(DATA EXTRACT Opens)
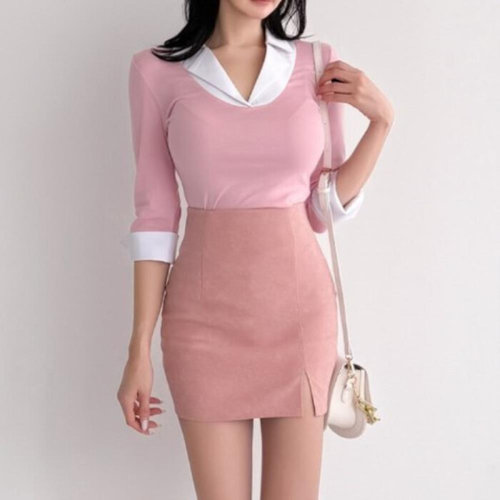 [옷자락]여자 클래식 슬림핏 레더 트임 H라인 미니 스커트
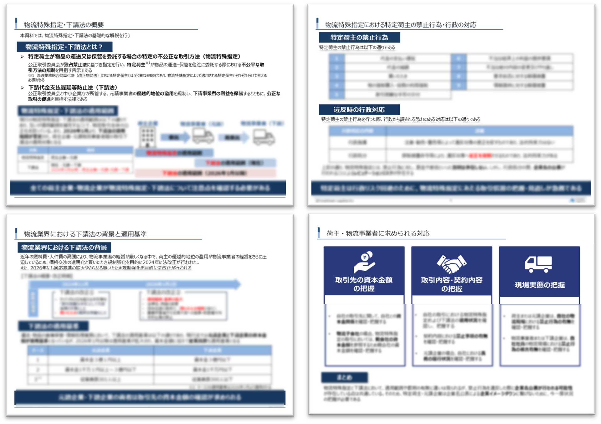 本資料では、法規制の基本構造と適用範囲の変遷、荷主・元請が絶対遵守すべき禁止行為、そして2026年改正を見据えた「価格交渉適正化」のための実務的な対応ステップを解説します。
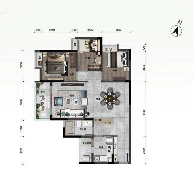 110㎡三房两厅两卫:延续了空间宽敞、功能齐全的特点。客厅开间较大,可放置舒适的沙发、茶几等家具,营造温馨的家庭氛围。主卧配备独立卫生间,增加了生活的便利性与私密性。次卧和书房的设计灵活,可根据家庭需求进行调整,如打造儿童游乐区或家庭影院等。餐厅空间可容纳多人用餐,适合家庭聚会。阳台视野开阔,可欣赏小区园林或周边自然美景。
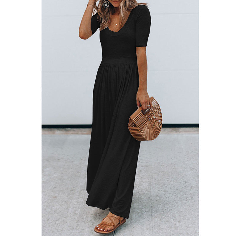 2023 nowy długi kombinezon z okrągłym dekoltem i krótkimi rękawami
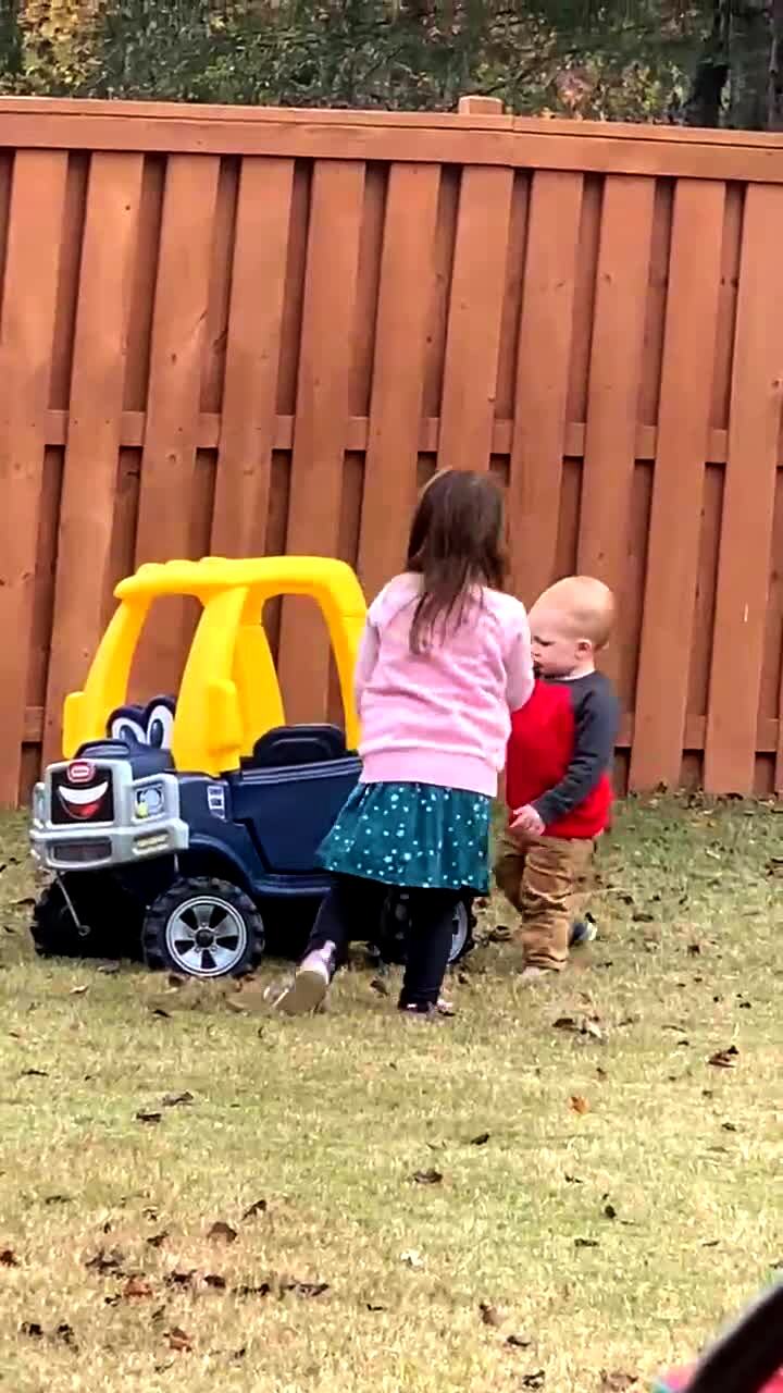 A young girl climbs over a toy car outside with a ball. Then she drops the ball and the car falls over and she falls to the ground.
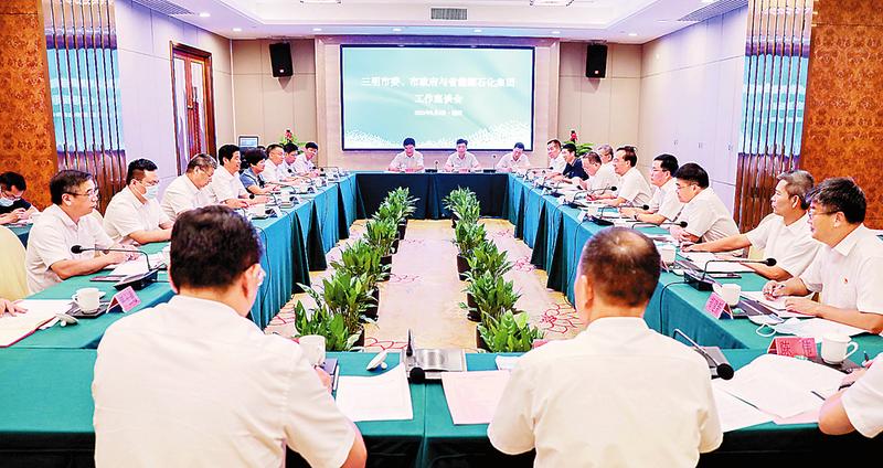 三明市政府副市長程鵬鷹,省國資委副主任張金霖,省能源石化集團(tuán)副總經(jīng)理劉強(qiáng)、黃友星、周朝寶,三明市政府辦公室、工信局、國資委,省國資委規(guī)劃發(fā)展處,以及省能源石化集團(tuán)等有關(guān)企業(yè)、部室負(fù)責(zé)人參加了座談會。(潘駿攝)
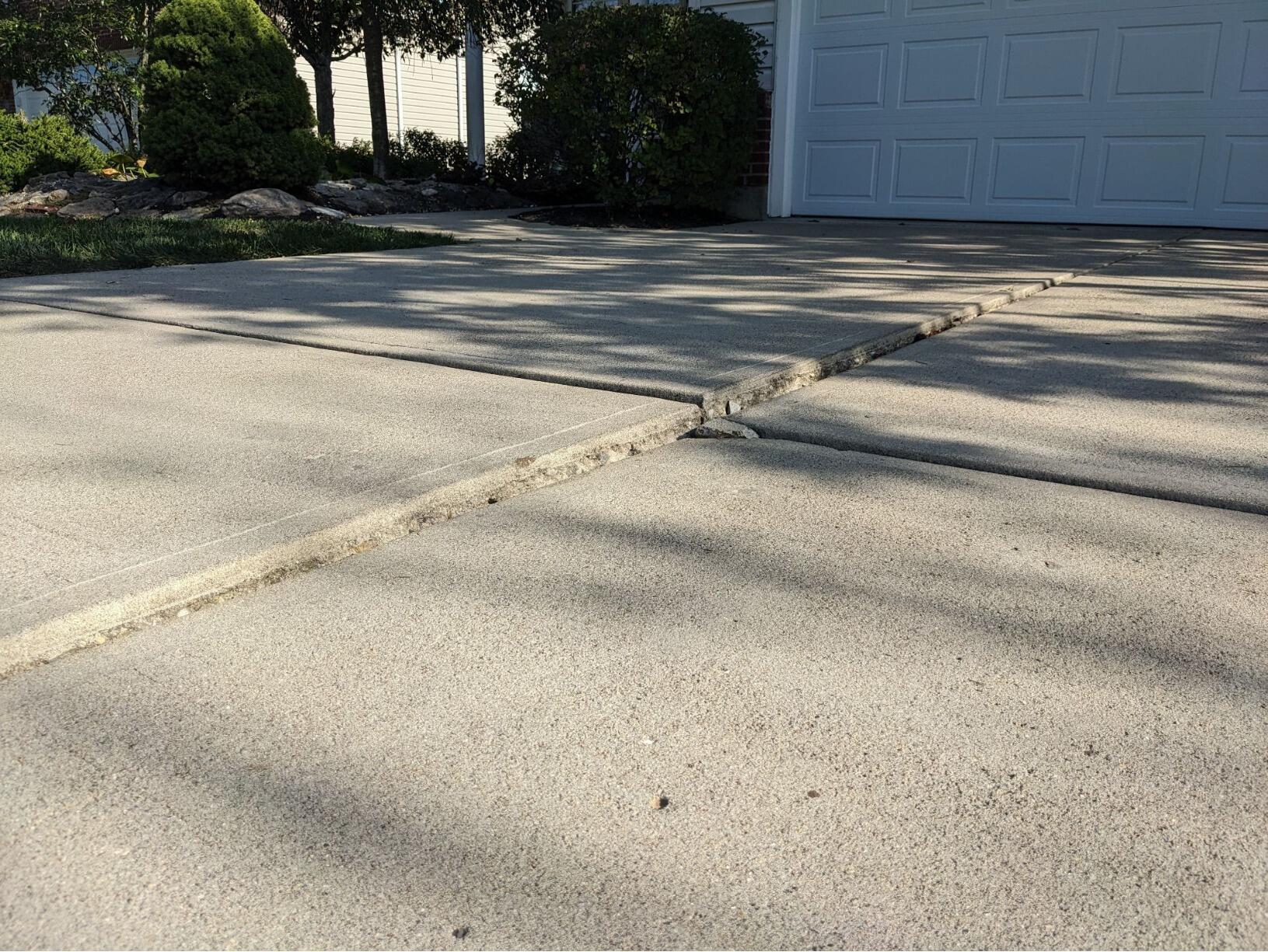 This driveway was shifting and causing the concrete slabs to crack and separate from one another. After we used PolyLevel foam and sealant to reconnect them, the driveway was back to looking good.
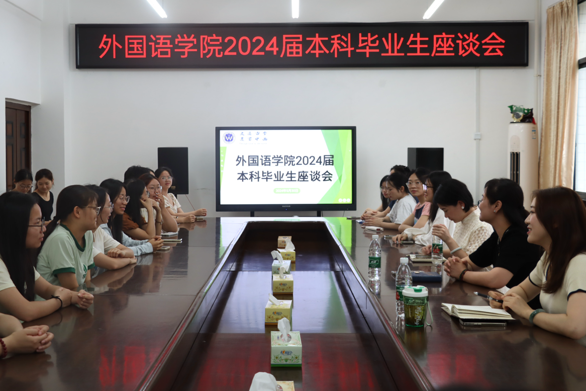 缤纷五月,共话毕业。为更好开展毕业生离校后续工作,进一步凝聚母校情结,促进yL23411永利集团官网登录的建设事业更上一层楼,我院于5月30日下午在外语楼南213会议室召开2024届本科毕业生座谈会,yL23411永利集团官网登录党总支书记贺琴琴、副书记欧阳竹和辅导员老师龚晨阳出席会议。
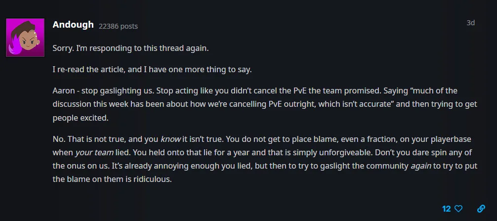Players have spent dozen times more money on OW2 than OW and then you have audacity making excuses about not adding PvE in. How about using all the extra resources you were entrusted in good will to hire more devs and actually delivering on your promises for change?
(DATA EXTRACT Closes)
● **DESCRIPTION OF THE TASK**: Your answer should be every line above, written out exactly, with no pictures.

● **REPLY**:
 [옷자락]여자 클래식 슬림핏 레더 트임 H라인 미니 스커트
 本資料では、法規制の基本構造と適用範囲の変遷、荷主・元請が絶対遵守すべき禁止行為、そして2026年改正を見据えた「価格交渉適正化」のための実務的な対応ステップを解説します。
 110㎡三房两厅两卫:延续了空间宽敞、功能齐全的特点。客厅开间较大,可放置舒适的沙发、茶几等家具,营造温馨的家庭氛围。主卧配备独立卫生间,增加了生活的便利性与私密性。次卧和书房的设计灵活,可根据家庭需求进行调整,如打造儿童游乐区或家庭影院等。餐厅空间可容纳多人用餐,适合家庭聚会。阳台视野开阔,可欣赏小区园林或周边自然美景。
 2023 nowy długi kombinezon z okrągłym dekoltem i krótkimi rękawami
 A young girl climbs over a toy car outside with a ball. Then she drops the ball and the car falls over and she falls to the ground.
 三明市政府副市長程鵬鷹,省國資委副主任張金霖,省能源石化集團(tuán)副總經(jīng)理劉強(qiáng)、黃友星、周朝寶,三明市政府辦公室、工信局、國資委,省國資委規(guī)劃發(fā)展處,以及省能源石化集團(tuán)等有關(guān)企業(yè)、部室負(fù)責(zé)人參加了座談會。(潘駿攝)
 This driveway was shifting and causing the concrete slabs to crack and separate from one another. After we used PolyLevel foam and sealant to reconnect them, the driveway was back to looking good.
 缤纷五月,共话毕业。为更好开展毕业生离校后续工作,进一步凝聚母校情结,促进yL23411永利集团官网登录的建设事业更上一层楼,我院于5月30日下午在外语楼南213会议室召开2024届本科毕业生座谈会,yL23411永利集团官网登录党总支书记贺琴琴、副书记欧阳竹和辅导员老师龚晨阳出席会议。
Players have spent dozen times more money on OW2 than OW and then you have audacity making excuses about not adding PvE in. How about using all the extra resources you were entrusted in good will to hire more devs and actually delivering on your promises for change?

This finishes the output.